Rather paradoxically the phrase, “because it is majority’s view”, has no place amongst reasoning within a democratic process. Nonetheless, the phrase tends to pop up now and then in politics. Let us, therefore, recount the most important problem: to use the phrase is, basically, to grossly misinterpret what democracy is about.

Democratic process is about making best possible decisions with limited information while facing staggering uncertainty. The process, to put it as simply as should be possible, consists of public presentations of arguments for several different viewpoints, and public discussion of reasons and justifications, pros and cons, for all these views. After the arguments and viewpoints have been assessed, the democratic vote takes place deciding majority for some view. We hope, in democracy, that, although some might be wrong, it is less likely that many would be wrong, at least when they have faced and discussed a good number of well reasoned arguments.

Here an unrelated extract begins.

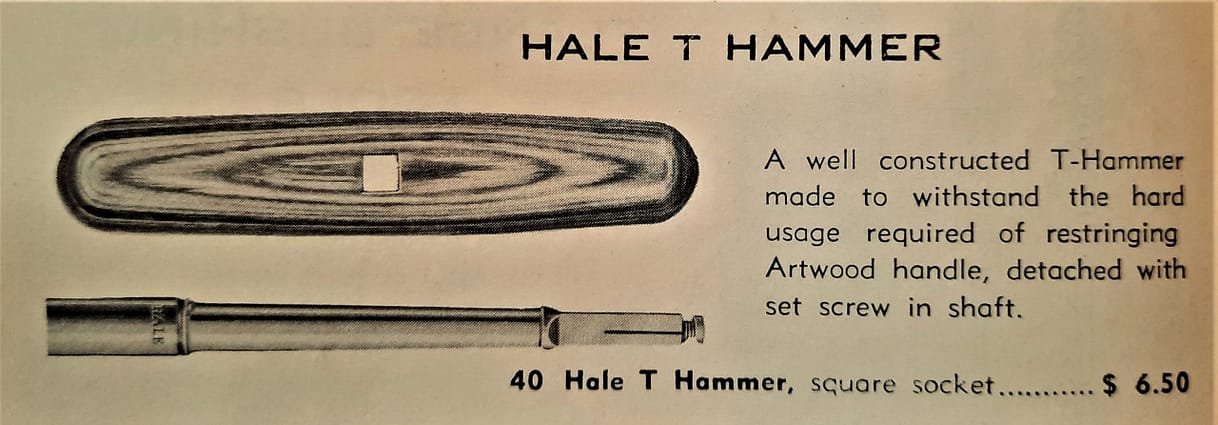In 1957, Hale’s T Hammer was still offered in “Artwood,” but the extension and stationary hammers had no specification as to what they were made of. Probably the first year for Polypenco Nylon.

Now, a careful reader would have noted that the process starts with viewpoints and arguments, and ends with deciding the popular view. Thus, if one of the arguments has as its sole reason that the viewpoint presented is the most popular, i.e., that it is the majority’s view, we are heading into trouble. The plow is pulling the horse: if majority is given to a view because it is majority’s view, no democratic decision making takes place. No reasons are given for the people to vote for the view above the ludicrous “vote like this, most will vote so anyway.” Instead of democracy, this would be, to use controversial language, “a tyranny of majority”.

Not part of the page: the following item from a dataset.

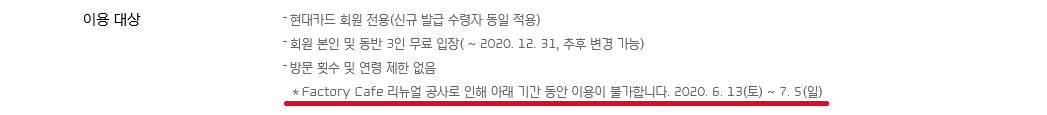 다만 리뉴얼 공사로 인해 2020년 6월 13일부터 7월 5일까지는 이용이 불가하다고 합니다.

After the decision has been reached with a democratic process, of course, we must accept that something was the majority’s view. But this acceptance is different from mere populism, and it has justification beyond the ad populum fallacy: the majority was reached through a democratic decision process. The horse has returned back in front and some plowing on the common field can now commence.

Wittgenstein’s John Doe

For some years, since I first read Wittgenstein as a 15 years old, I have been slightly annoyed by his use of N.N. as a place holder for a name. That’s because I have been ignorant of what it stands for. But then again I have not been bothered enough to go and check.

N.N. turned out to be an abbreviation of Latin phrase “nomen nescio”. Now, enlighted by wikipedia, of course, when N.N. is used, I do know that I do not know the name of the person referred to. And I am bothered no more?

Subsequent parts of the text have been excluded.